На том с безмолвием прервались — грустить, искать и ошибаться да ждать моментов новых встреч.

IX
Средь дебрей выставки ковров царит немыслимейший хаос — шторм оживлённо буйных толп, шквал возгласов, рой красок, ценников и звуков и вихрь желающих успеть легко и быстро стать богаче за счёт насильственных продаж. Близ стойки с чаем и блинами две говорливые мадам:
«Я тут семь лавок отсмотрела. Всё ширпотреб один сплошной. Ну хоть еда с питьём здесь сносны. Хоть в бакалею не ходи.»
«Да что еда тебе — резон ли, мы вроде б свататься пришли, брешь в личной жизни упразднять.»
«Да погоди, ещё успеем. Я на балет вчера ходила. Вот там то точно выбор был. А здесь огрызки лишь, объедки.»
«Так что ж вернулась без улова? Аль вновь, как раньше, срослось?»
«Да сплоховала, не смогла.»
«Я б никогда так не сглупила.»
Тут к паре дам из лавки рядом вне лишней спешки и тайком без слов подкрался рослый фраер и, чуть склонившись к их персонам, завёл превратный диалог:
«Я Миша, золотом торгую, не поразвлечься б нам втроём. Без угощений не оставлю.»
«А не пойти тебе бы лесом. Не интересен. Отвали.» - в момент ответила в лицо одна из девок. Ей в унисон же поступила и вторая.
Франт, озадачившись, ушёл.
«Какой-то стрёмный — конопатый.»
«И нос избыточно большой.»
«Но ведь с достатком всё ж, с деньгами...»
«А ну помчались догонять.»
Как будто вихрь, сорвавшись с места, мадам помчались вслед за гостем, визжа, бушуя и смеясь.
Близ лавки с краю две старушки — вцепившись в краешек ковра, держа фонарик и две лупы, всласть обсуждают тон и ворс.
«Нет, ткань паскудная, плохая.»
«Да и окрашена не так. Я абажур себе брала, там аккуратней был рисунок.»
«А сколько стоит, скидка есть?»
Тут объявился продавец: «Для пожилых почти в две третьих.»
«Берём!»
«На каждую по два!»
У самой дальней тёмной лавки — чуть полноватая мадам из изрядно розовым лицом и серым веером с оборкой. Близ принадлежного ей личного пространства — весьма невзрачный робкий образ худого юноши с безжизненным лицом.
«День добрый! Радостей и нег! Я познакомиться желал бы.»
«Не в этот раз и не со мной.»
«Всё понял. Каясь, удаляюсь.»
«Кто тут всё бродит — что за чудик? Уж даме к пятой клинья бьёт — и каждый раз всё безуспешно.» - одна из вышедших торговок, зевнув, спросила у второй.
«Да Борька, химик наш фабричный, всё одинёшенек, гляжу.»

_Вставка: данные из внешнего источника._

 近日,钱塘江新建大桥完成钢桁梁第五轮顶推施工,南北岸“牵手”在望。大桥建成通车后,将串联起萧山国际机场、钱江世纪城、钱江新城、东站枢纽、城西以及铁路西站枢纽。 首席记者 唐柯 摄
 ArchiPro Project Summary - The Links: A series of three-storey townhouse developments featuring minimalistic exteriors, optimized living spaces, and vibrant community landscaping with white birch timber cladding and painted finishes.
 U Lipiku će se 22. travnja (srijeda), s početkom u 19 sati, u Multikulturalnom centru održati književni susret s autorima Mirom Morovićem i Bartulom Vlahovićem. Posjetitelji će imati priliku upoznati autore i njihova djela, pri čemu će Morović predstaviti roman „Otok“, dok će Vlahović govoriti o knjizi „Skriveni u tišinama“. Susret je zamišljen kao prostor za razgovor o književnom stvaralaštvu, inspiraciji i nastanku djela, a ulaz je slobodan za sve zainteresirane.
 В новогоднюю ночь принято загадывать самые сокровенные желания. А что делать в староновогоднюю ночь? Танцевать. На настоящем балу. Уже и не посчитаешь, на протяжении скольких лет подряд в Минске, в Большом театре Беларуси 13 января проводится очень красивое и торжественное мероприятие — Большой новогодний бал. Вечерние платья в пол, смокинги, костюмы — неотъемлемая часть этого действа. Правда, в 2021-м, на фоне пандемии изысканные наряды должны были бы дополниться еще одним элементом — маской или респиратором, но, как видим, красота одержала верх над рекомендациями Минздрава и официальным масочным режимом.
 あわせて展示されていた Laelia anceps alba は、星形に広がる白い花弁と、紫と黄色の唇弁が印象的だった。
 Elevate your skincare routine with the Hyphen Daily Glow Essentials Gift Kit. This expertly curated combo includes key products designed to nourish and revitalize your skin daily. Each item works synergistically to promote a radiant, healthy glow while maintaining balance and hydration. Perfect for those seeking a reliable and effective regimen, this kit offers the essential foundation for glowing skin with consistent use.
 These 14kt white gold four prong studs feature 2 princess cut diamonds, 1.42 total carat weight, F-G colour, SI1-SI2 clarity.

«Какой-то странный, ненормальный.»
«Не знаю, видимо, больной...»
«Я б и на шаг не подпустила.»
«И ни одна в уме своём.»
«Ты б хоть кого позазывала — вновь ни один к нам не идёт.»

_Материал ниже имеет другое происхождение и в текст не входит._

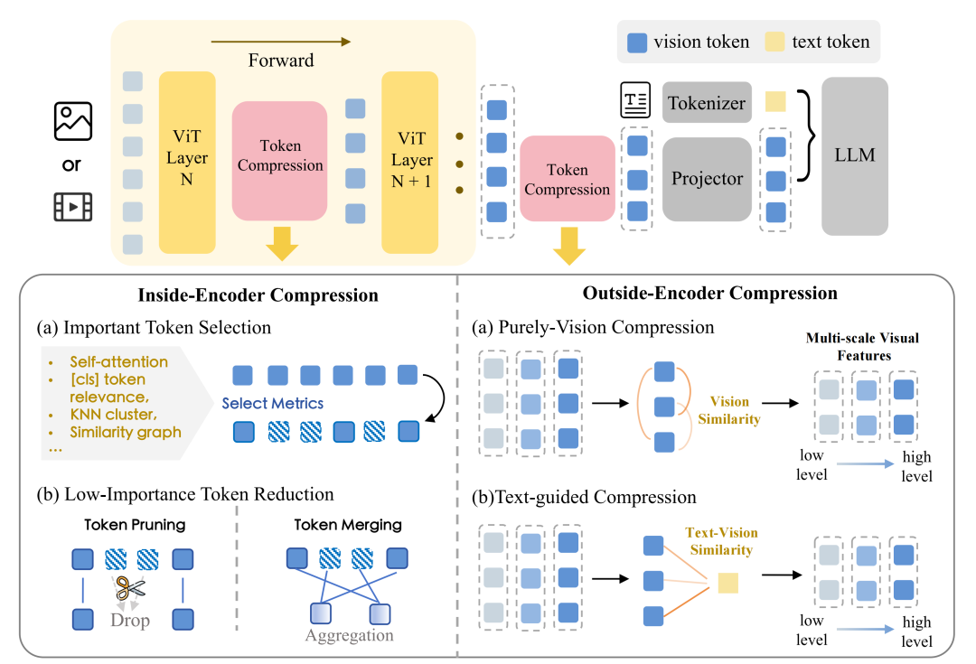 现有方法根据其是否利用了文本信息(用户指令)可分为纯视觉压缩和文本引导压缩,这两种策略是互补的,一种实用的设计是:首先通过纯视觉压缩导出紧凑的视觉表示,然后在语言模块中应用文本引导的选择机制,以精炼出与给定文本查询相关的 Token。
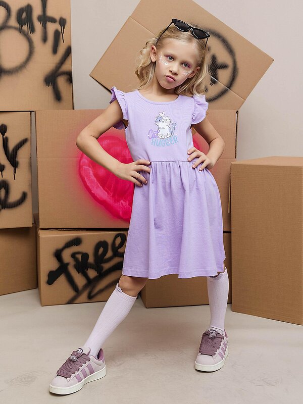 Платье для девочки с коротким рукавом фиолетовое из натурального хлопка. На груди принт в виде котика, круглая горловина. Рукава-крылышки с оборками. Отличный выбор для комфортной повседневной носки летом на прогулку и в любое другое время года в помещении: дома, в садике, в гостях.

«Так место дрянь — вот и не валят. И ты зови, а то просак.»

X
Средь ледяной вечерней тьмы бредёт бесхозная фигура — Борис Петрович Одиноков, без дел, без цели — просто так. Вокруг безжизненность, тревога. Внутри немеркнущий азарт.
«Вот и вечер уж лёг. Темень, мгла. И уж стихло то всё и уснуло. А мне неймётся всё никак, всё тщетно хочется рискнуть да душу встречею утешить. Сыскать кафе б. Хоть где вдали. Авось найдётся хоть один, меня помимо, посетитель. Чтоб не напрасно мне шататься. И залатать дней с сердцем брешь. Да, надо выискать. Так точно. Да только где бы... Мрак один.»

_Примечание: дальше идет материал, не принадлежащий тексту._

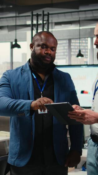Vertical Businessmen analysts monitoring efficiency insights at the workspace, utilizing analytics to plan forecast for detailed performance metrics and statements, business management. Camera A. Pro Video
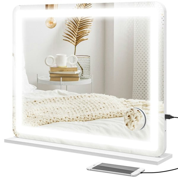 HOMCOM Vanity Mirror with Lights combines an LED-lit mirror with 10X magnification and touch control. The large mirror surface keeps your full face in view, while the built-in lighting offers three colour temperature options to suit different settings.
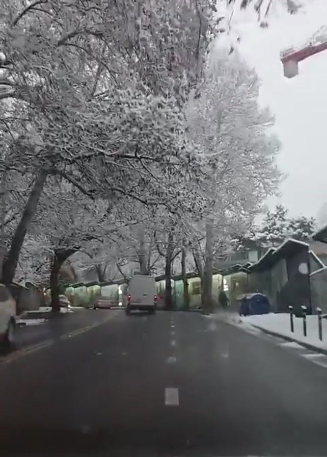 street on a snowy day. The road is wet and the trees are covered in snow. There are cars driving on the road and a person walking on the sidewalk. There are also small building structures on the side of the road with green roofs. In the background, there is a tall crane. The video appears to be taken from inside a moving vehicle.
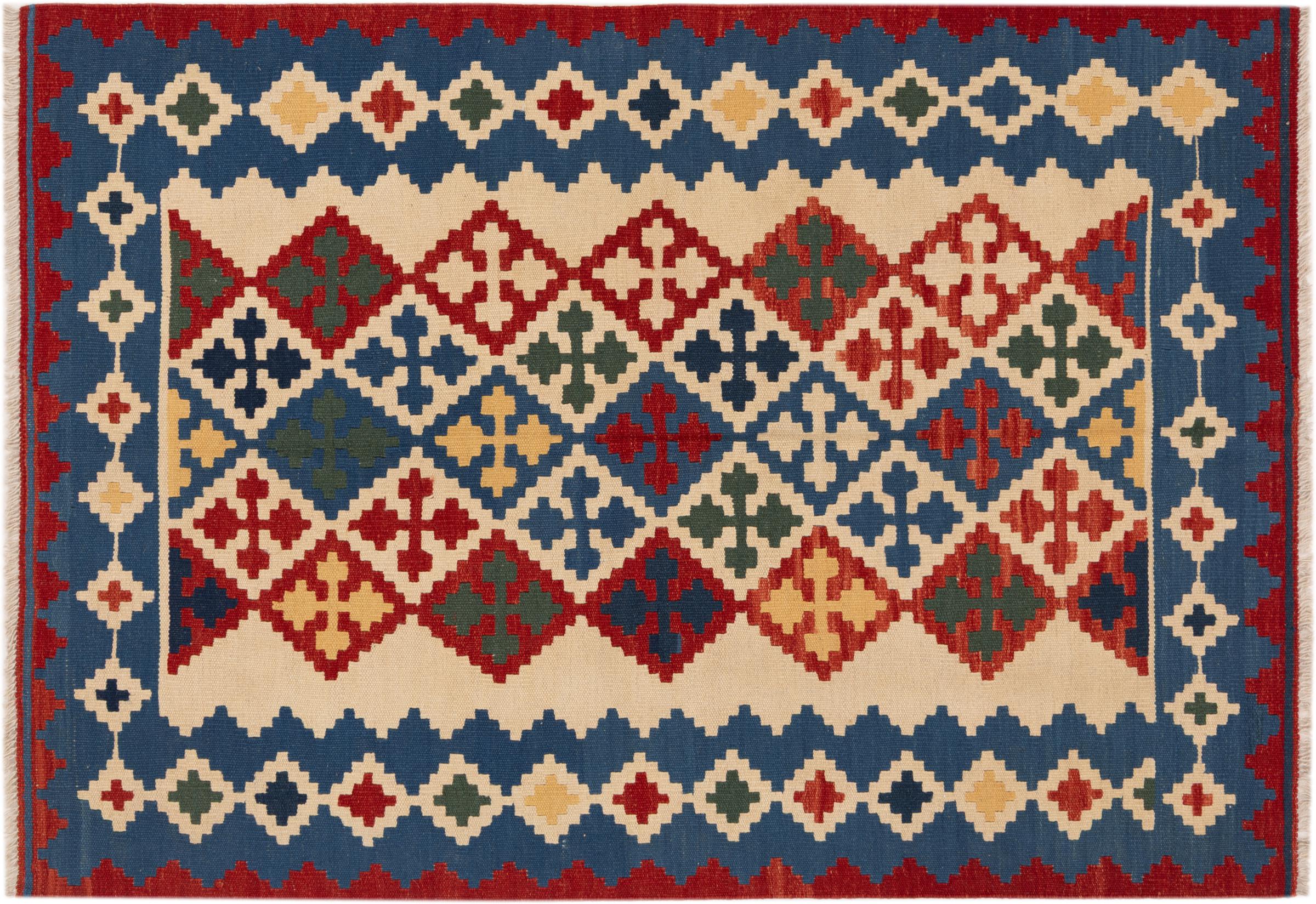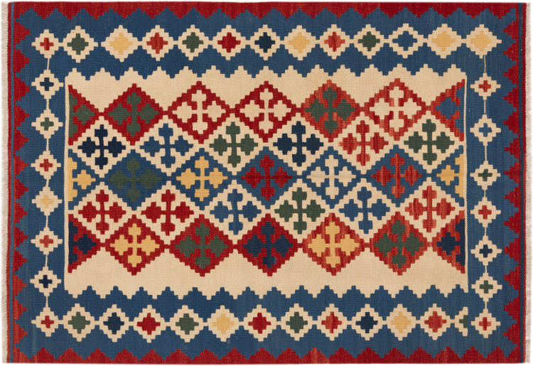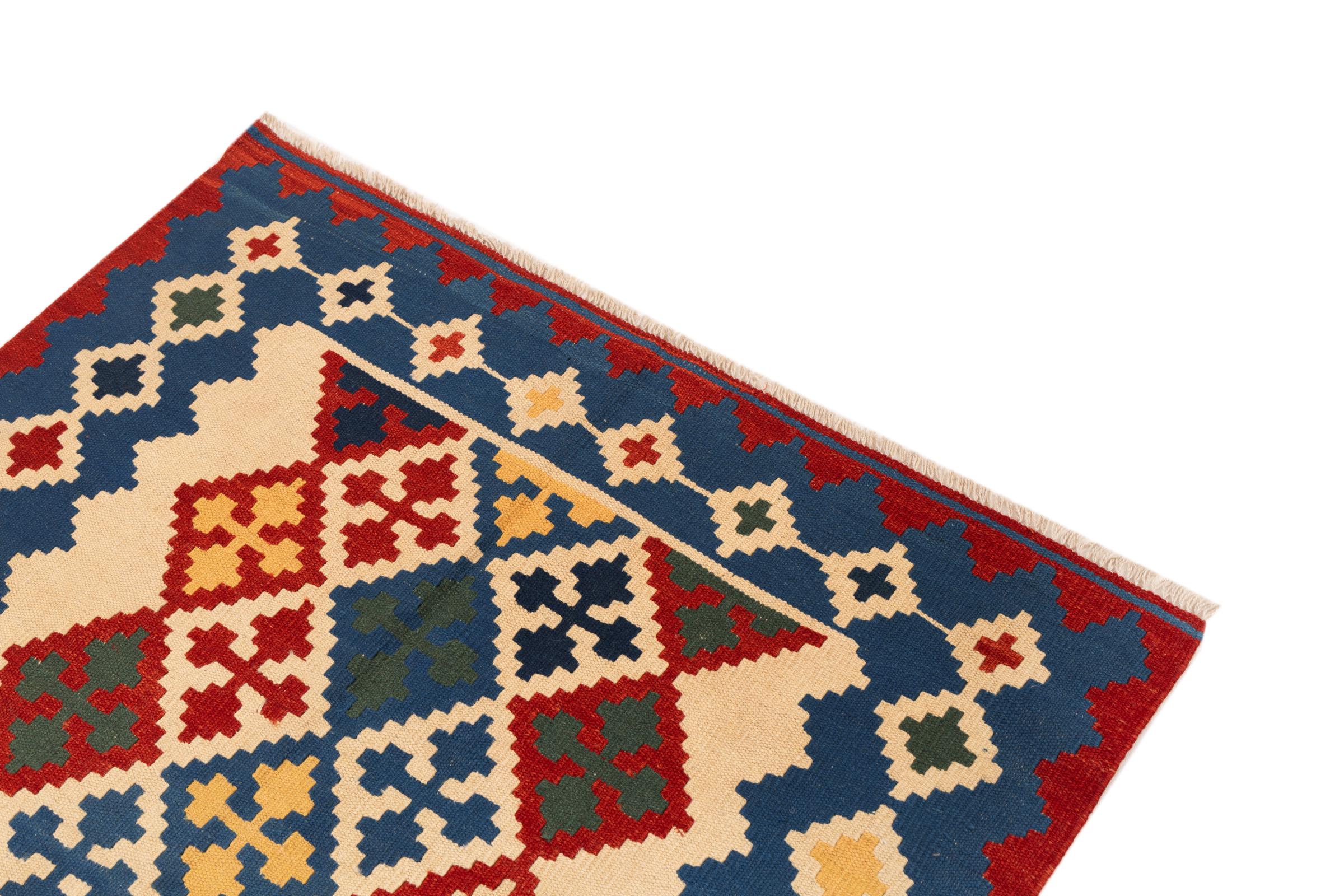 Dit tapijt is met de hand gemaakt op een weefgetouw als plat weefgetouw. Flatweave is de term die wordt gebruikt om tapijten zonder pool te beschrijven. Zoals de naam al belooft, zijn deze tapijten geweven en niet geknoopt. Dit resulteert in een vlak tapijt met een gestructureerd oppervlak. Platweefsels zijn niet zo zacht en meestal dunner dan geknoopte tapijten. Tegelijkertijd zijn ze veel minder complex te vervaardigen en kunnen ze meestal aan beide zijden (voor- en achterkant) worden gelegd. Hun patronen zijn meestal geometrisch, wat wordt bepaald door de stof.

Герой задумчиво вздохнул и, покучней поправив ворот, побрёл на зов душевных нужд.

XI
Под пёстрым шуточным шатром, средь шума, музыки и криков, даёт сеанс заезжий цирк. Зал вожделенно оживлён. Толпа изрядно разношёрстна. Всяк показательно восторжен и взбудораженно кипуч. На распростёртой к залу сцене парад феерий и чудес — шуты, танцоры, акробаты. Суть представлений однотипна — дивить, смущать и забавлять. Вот вверх взмывает по шесту почти нагой, пьяняще страстный силуэт изящно гибкой танцовщицы. Вот та, являет пируэт и, широко раздвинув ноги, крутясь, спускается на шар. Вот, имитируя громоздкость, зловеще пятится тайком во всю кривой и хромоногий, слегка горбатый рыжий карлик. Вот он, состроивши гримасу, пыхтит, плюётся и шипит. Вот невзначай выводят тигра. Вот с ним резвится ассистент. Вот выбегает тучный клоун. Вот, подобравшись к сонной даме в ближайшем занятом ряду, он предлагает ей подняться и водрузиться на помост, а после выбрать кавалера для сценки свадебной поры. Вот, неожиданно привстав, в игру влезает некий зритель, слегка худой и бледнолицый и будто хилый иль больной: «А можно мне — в мужья особе...»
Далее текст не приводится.